Supplied material:
━━━

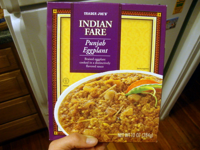 A microwaveable Punjab Eggplant dish from Trader Joe’s (I ate the whole package),
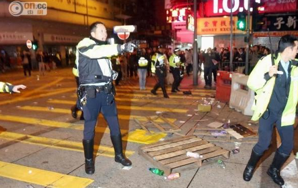 2016年2月9日凌晨,香港旺角山东街与砵兰街交界发生警民冲突,警方一度展示红旗、施放胡椒喷雾,并向示威者挥动警棍控制场面,有示威者向警员投掷杂物,期间有警方朝天开枪警告示威者。
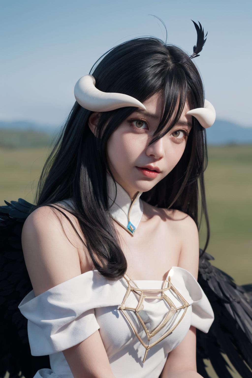 albedo_overlord, hair between eyes, white dress, ???? shoulders, dress, low wings, ahoge, black feathers

━━━

Task requirements: Output the data exactly, pictures omitted.

Response to the exercise:
 A microwaveable Punjab Eggplant dish from Trader Joe’s (I ate the whole package),
 2016年2月9日凌晨,香港旺角山东街与砵兰街交界发生警民冲突,警方一度展示红旗、施放胡椒喷雾,并向示威者挥动警棍控制场面,有示威者向警员投掷杂物,期间有警方朝天开枪警告示威者。
 albedo_overlord, hair between eyes, white dress, ???? shoulders, dress, low wings, ahoge, black feathers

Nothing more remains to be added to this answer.